- **EXERCISE AIM**
Return the entries exactly. Images are not part of the copy.

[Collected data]
◆ ◆ ◆ ◆
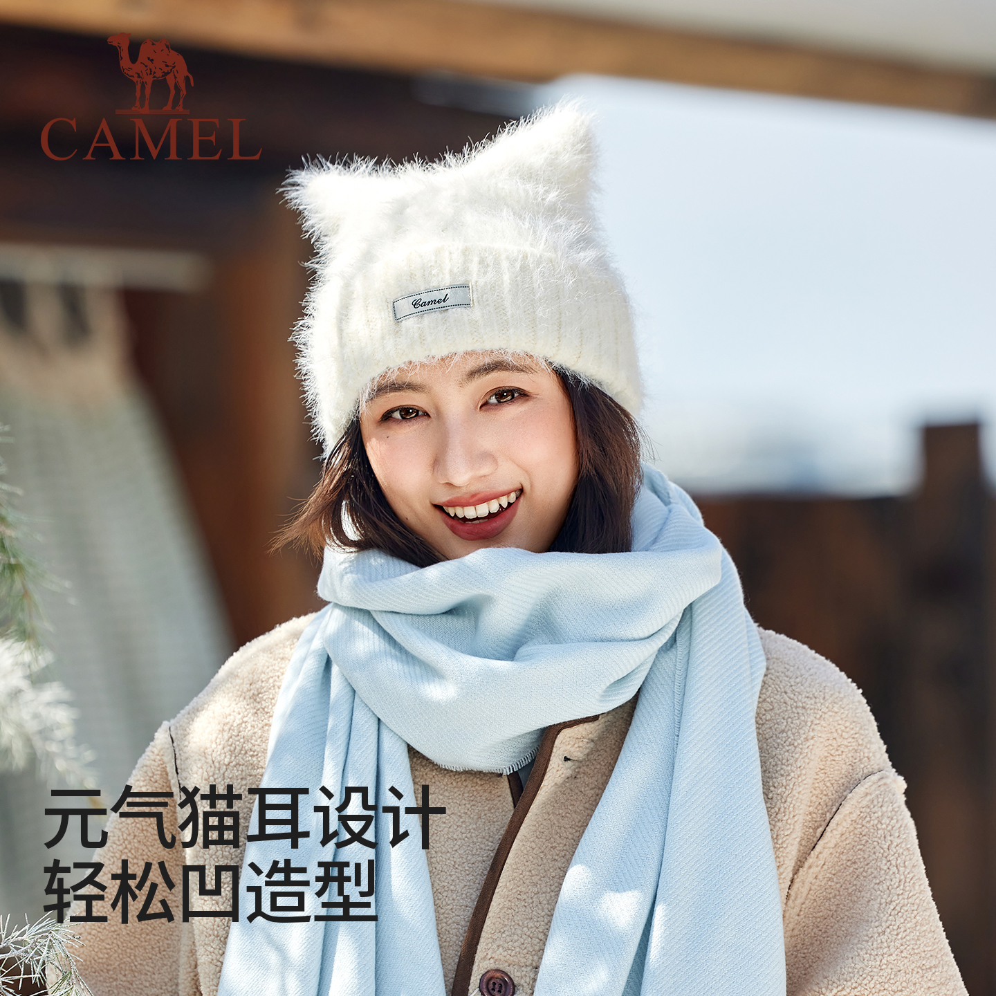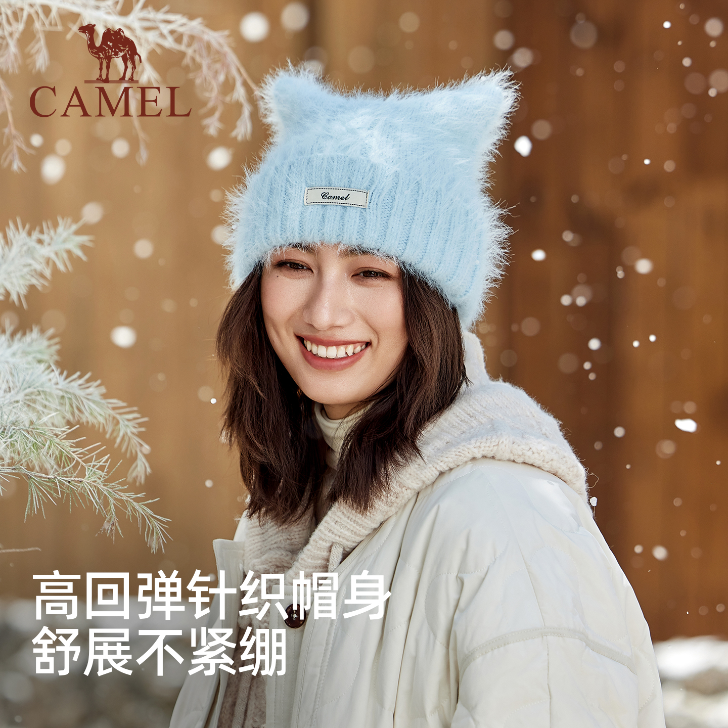 骆驼猫耳帽针织2025年新款秋冬季女可爱毛绒纯色冷帽保暖毛线帽子
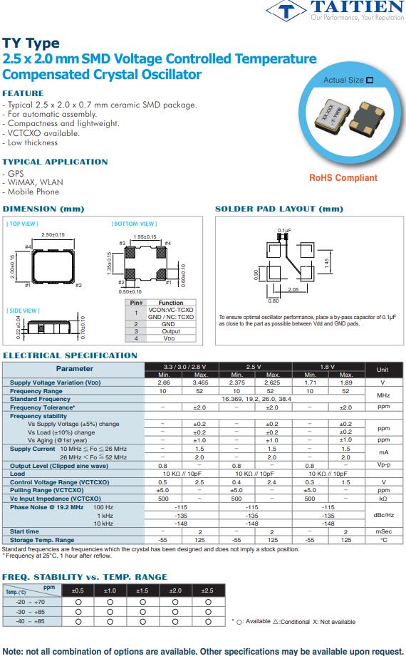 TYKTCCSANF-19.200000 | Taitien | TY | TCXO | 19.2MHz | 1.8V |
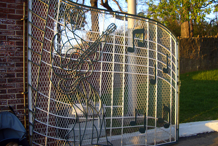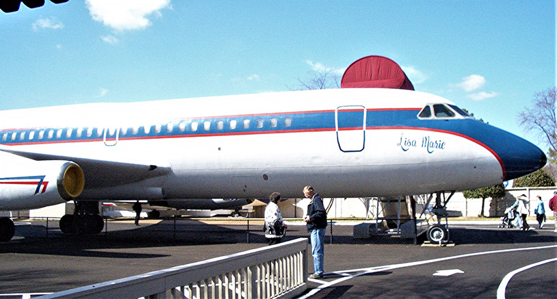 We checked in and the bags were taken to our room, inside was a King size bed, a small kitchen and a lounge area complete with TV, sofa and easy chairs, we settled down and chilled out for the rest of the evening, the TV besides normal viewing had several channels which showed nothing but Elvis films none stop, well what did you expect. Bright and early the next morning at 7am we were up, excited and looking forward to the day ahead, on looking out of the windows we kept seeing small numbers of people passing by, tried to see where they were going but all we could see in the distance was the tail fin on the “Lisa Marie” Elvis’s plane. Well we thought let’s go and see, they must be going somewhere, outside it was a wee bit chilly but the sun was shining in a crystal blue, (which I have never forgotten) before too long a couple went bye so yes we followed, over a little bridge across a small car park and in about five minutes we were on Elvis Presley Boulevard opposite the World Famous Musical Notes Gates of Graceland, wow. |
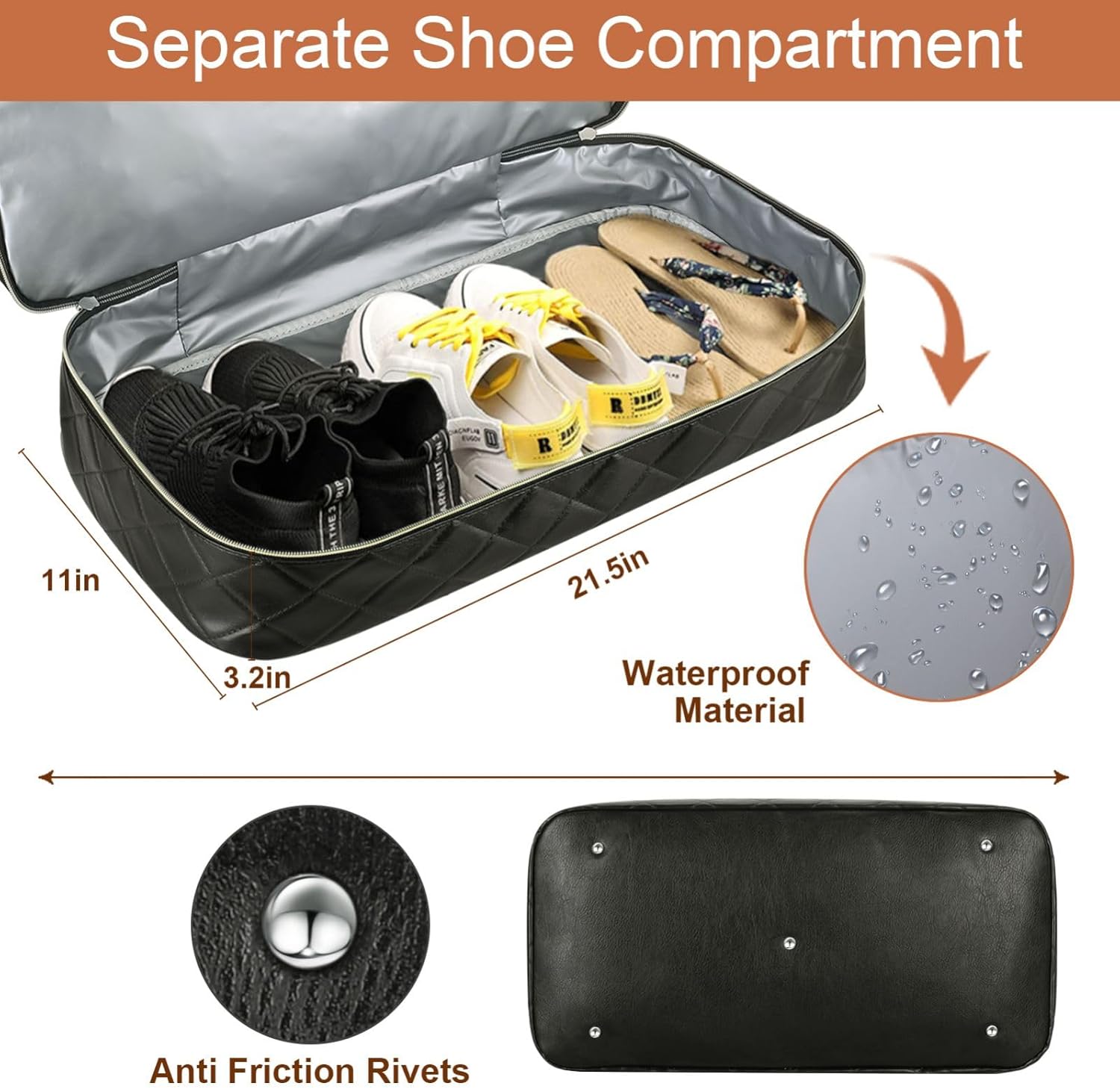 - Waterproof Separate Shoe Compartment: The shoes compartment of this travel duffle bag is fashioned with PVC waterproof materials to facilitate carrying your shoes during travel. This compartment can also be used to hold dirty clothes or wet towels, separating wet and dry to prevent your clean luggage from getting soiled or wet. Shoes compartment size: 21"Lx11"W*3.2"H and can fit up to 3 pairs of shoes. The thicker bottom can better carry weight.
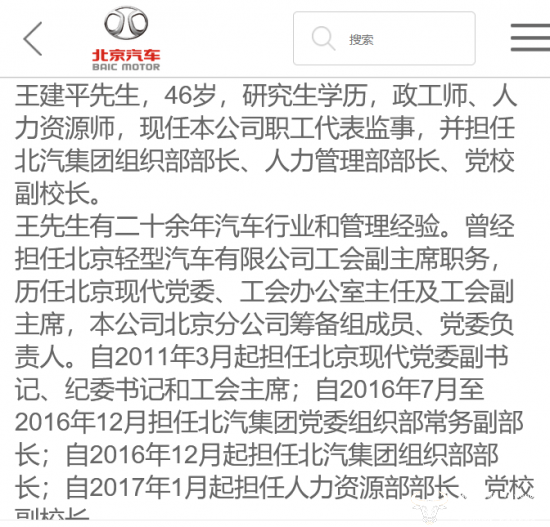 据了解,王建平已经在汽车行业从业二十余年,先后担任过北京轻型汽车有限公司工会副主席、北京现代工会办公室主任及工会副主席、北京汽车股份有限公司北京分公司筹备组成员等,积累了丰富的管理经验。
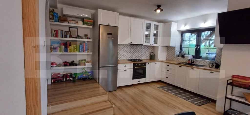 Blitz va ofera spre vânzare o casă individuală situată în Jucu de Mijloc, ideală pentru cei care își doresc liniște, spațiu și confort, dar și acces rapid către oraș. Proprietatea dispune de o suprafață utilă de aproximativ 105 mp și este amplasată pe un teren generos de 1050 mp, cu un front stradal de 20 ml, oferind multiple posibilități de amenajare exterioară. Casa este construită din cărămidă, izolată exterior (15cm) și acoperită cu țiglă, ceea ce asigură un bun confort termic pe tot parcursul anului. Compartimentarea este eficient gândită, fiind dispusă pe parter și incluzând un living luminos cu bucătărie open-space și zonă de dining, hol, cămară, birou, un dormitor, o baie, iar al doilea dormitor beneficiază de baie proprie și dressing. În plus, terasa spațioasă de 31 mp este perfectă pentru relaxare sau petrecerea timpului în aer liber. Casa se predă complet mobilată și utilată, exact ca în prezentare, fiind pregătită pentru mutare imediată. Printre dotări se regăsesc centrală termică pe gaz, geamuri termopan cu profil PVC, precum și finisaje moderne precum gresie și parchet laminat, toate contribuind la un ambient plăcut și confortabil. Utilitățile sunt complete: apă, gaz, curent monofazic și trifazic, canalizare. Această proprietate reprezintă alegerea ideală pentru o familie care caută confort, spațiu și o locuință gata de locuit într-o zonă în plină dezvoltare. Cod ofertă / ID BLITZ: P170261 Id intern: P170261
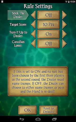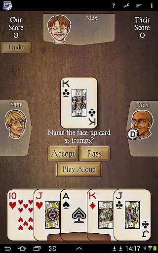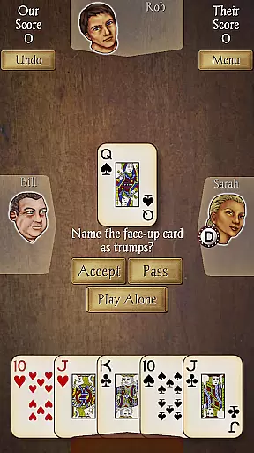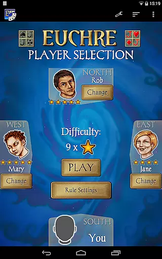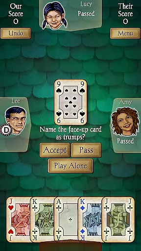 Euchre Pro stands out with its diverse range of features that cater to both casual and serious players. The app includes 18 distinct CPU player profiles, each with varying skill levels and playing styles, allowing users to customize their gaming experience by choosing partners and opponents. Advanced rule options like Stick the Dealer and Canadian Loner provide additional strategic depth, while three different card decks and customizable backgrounds let players personalize their game environment.
◆ ◆ ◆ ◆
- **RESULT OF THE EXERCISE**
 骆驼猫耳帽针织2025年新款秋冬季女可爱毛绒纯色冷帽保暖毛线帽子
 TYKTCCSANF-19.200000 | Taitien | TY | TCXO | 19.2MHz | 1.8V |
 We checked in and the bags were taken to our room, inside was a King size bed, a small kitchen and a lounge area complete with TV, sofa and easy chairs, we settled down and chilled out for the rest of the evening, the TV besides normal viewing had several channels which showed nothing but Elvis films none stop, well what did you expect. Bright and early the next morning at 7am we were up, excited and looking forward to the day ahead, on looking out of the windows we kept seeing small numbers of people passing by, tried to see where they were going but all we could see in the distance was the tail fin on the “Lisa Marie” Elvis’s plane. Well we thought let’s go and see, they must be going somewhere, outside it was a wee bit chilly but the sun was shining in a crystal blue, (which I have never forgotten) before too long a couple went bye so yes we followed, over a little bridge across a small car park and in about five minutes we were on Elvis Presley Boulevard opposite the World Famous Musical Notes Gates of Graceland, wow. |
 - Waterproof Separate Shoe Compartment: The shoes compartment of this travel duffle bag is fashioned with PVC waterproof materials to facilitate carrying your shoes during travel. This compartment can also be used to hold dirty clothes or wet towels, separating wet and dry to prevent your clean luggage from getting soiled or wet. Shoes compartment size: 21"Lx11"W*3.2"H and can fit up to 3 pairs of shoes. The thicker bottom can better carry weight.
 据了解,王建平已经在汽车行业从业二十余年,先后担任过北京轻型汽车有限公司工会副主席、北京现代工会办公室主任及工会副主席、北京汽车股份有限公司北京分公司筹备组成员等,积累了丰富的管理经验。
 Blitz va ofera spre vânzare o casă individuală situată în Jucu de Mijloc, ideală pentru cei care își doresc liniște, spațiu și confort, dar și acces rapid către oraș. Proprietatea dispune de o suprafață utilă de aproximativ 105 mp și este amplasată pe un teren generos de 1050 mp, cu un front stradal de 20 ml, oferind multiple posibilități de amenajare exterioară. Casa este construită din cărămidă, izolată exterior (15cm) și acoperită cu țiglă, ceea ce asigură un bun confort termic pe tot parcursul anului. Compartimentarea este eficient gândită, fiind dispusă pe parter și incluzând un living luminos cu bucătărie open-space și zonă de dining, hol, cămară, birou, un dormitor, o baie, iar al doilea dormitor beneficiază de baie proprie și dressing. În plus, terasa spațioasă de 31 mp este perfectă pentru relaxare sau petrecerea timpului în aer liber. Casa se predă complet mobilată și utilată, exact ca în prezentare, fiind pregătită pentru mutare imediată. Printre dotări se regăsesc centrală termică pe gaz, geamuri termopan cu profil PVC, precum și finisaje moderne precum gresie și parchet laminat, toate contribuind la un ambient plăcut și confortabil. Utilitățile sunt complete: apă, gaz, curent monofazic și trifazic, canalizare. Această proprietate reprezintă alegerea ideală pentru o familie care caută confort, spațiu și o locuință gata de locuit într-o zonă în plină dezvoltare. Cod ofertă / ID BLITZ: P170261 Id intern: P170261
 Euchre Pro stands out with its diverse range of features that cater to both casual and serious players. The app includes 18 distinct CPU player profiles, each with varying skill levels and playing styles, allowing users to customize their gaming experience by choosing partners and opponents. Advanced rule options like Stick the Dealer and Canadian Loner provide additional strategic depth, while three different card decks and customizable backgrounds let players personalize their game environment.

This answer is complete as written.